By targeting smaller firms typically overlooked by banks, Spiko opens access to treasury markets previously available only to larger institutions. Tokenization allows scalable, low-cost fund management across borders. The startup positions itself as a platform for democratising financial access to sovereign-backed assets. As central bank rates remain above zero, the incentive for SMEs to pursue yield-bearing options continues to rise.
Spiko’s system integrates blockchain-based token issuance and stablecoin payments into a cohesive fund management platform. This enables seamless asset transfer and custody functions without relying on intermediaries. Clients benefit from reduced friction and increased transparency while retaining liquidity. These capabilities align with broader DeFi trends focused on open, programmable financial services.
Related: Robinhood Stock Tokens Block DeFi, Enable CeFi Compliance
Future Outlook and Regulatory Considerations
The recent funding round enables Spiko to accelerate its market entry and refine its product suite. It will focus on expanding distribution channels and deepening integration with financial partners. The company also plans to invest in technology development to enhance user experience and compliance frameworks.
Nevertheless, due to the convergence between TradFi and DeFi, there exists a possibility of regulatory pressure.
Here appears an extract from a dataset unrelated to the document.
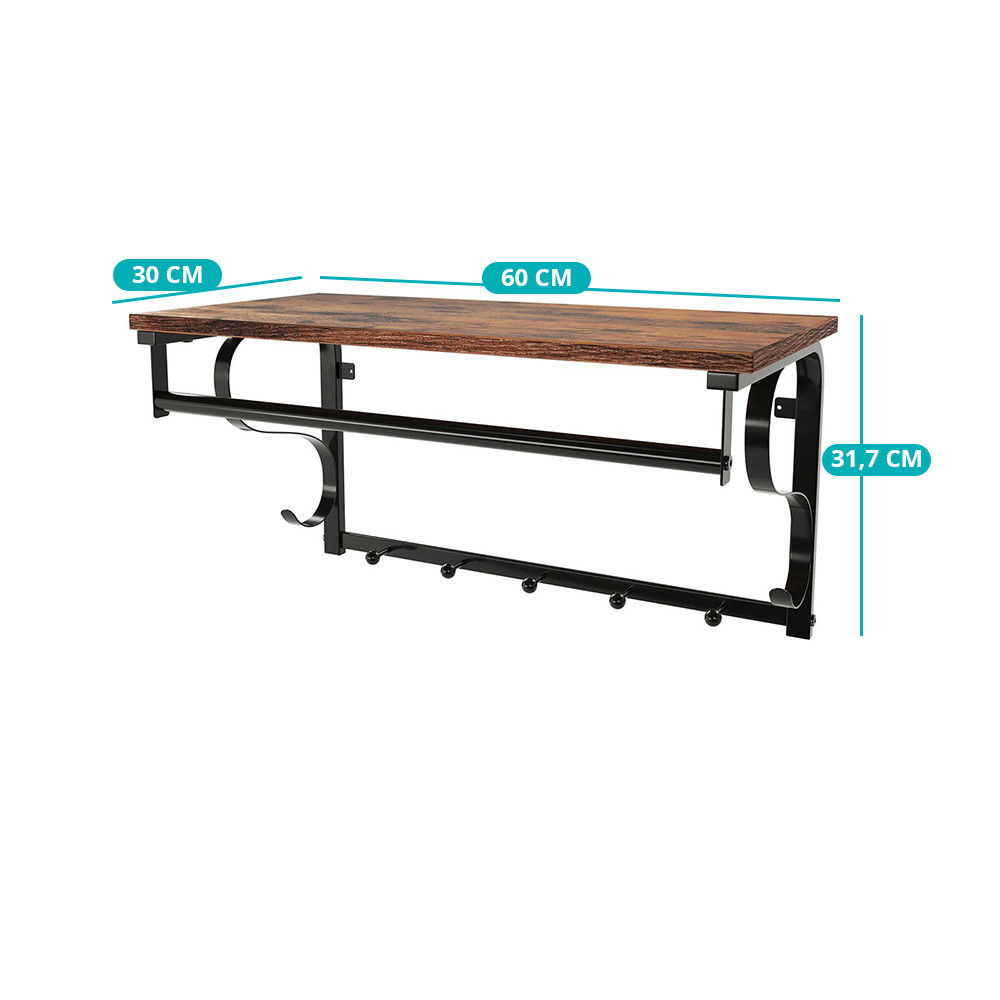 Cuierul de perete cu aspect rustic și design practic ajută la organizarea paltoanelor, genților și accesoriilor. Cuierul rustic dotat cu poliță, cârlige și bară de agățare este ideal pentru hol, coridor sau living, oferind spațiu maxim de depozitare chiar și în încăperi mici, într-un stil industrial modern.

A stablecoin may be considered a potential target for cross-border transfers by financial authorities. Additionally, the use of tokenized assets introduces security and custody concerns. Short-term performance could also be affected by the volatility of the market, even though the building blocks are low-risk.
The model propagated by Spiko is coming at a time when financial institutions are considering a hybrid infrastructure. It represents a new approach, utilizing blockchain-based programmability in conjunction with exposure to reliable sovereign debt. If carried out effectively, it would become a blueprint for future financial innovation. Nevertheless, it is still hard to predict what the reaction of regulators and legacy institutions will be to that type of disruption.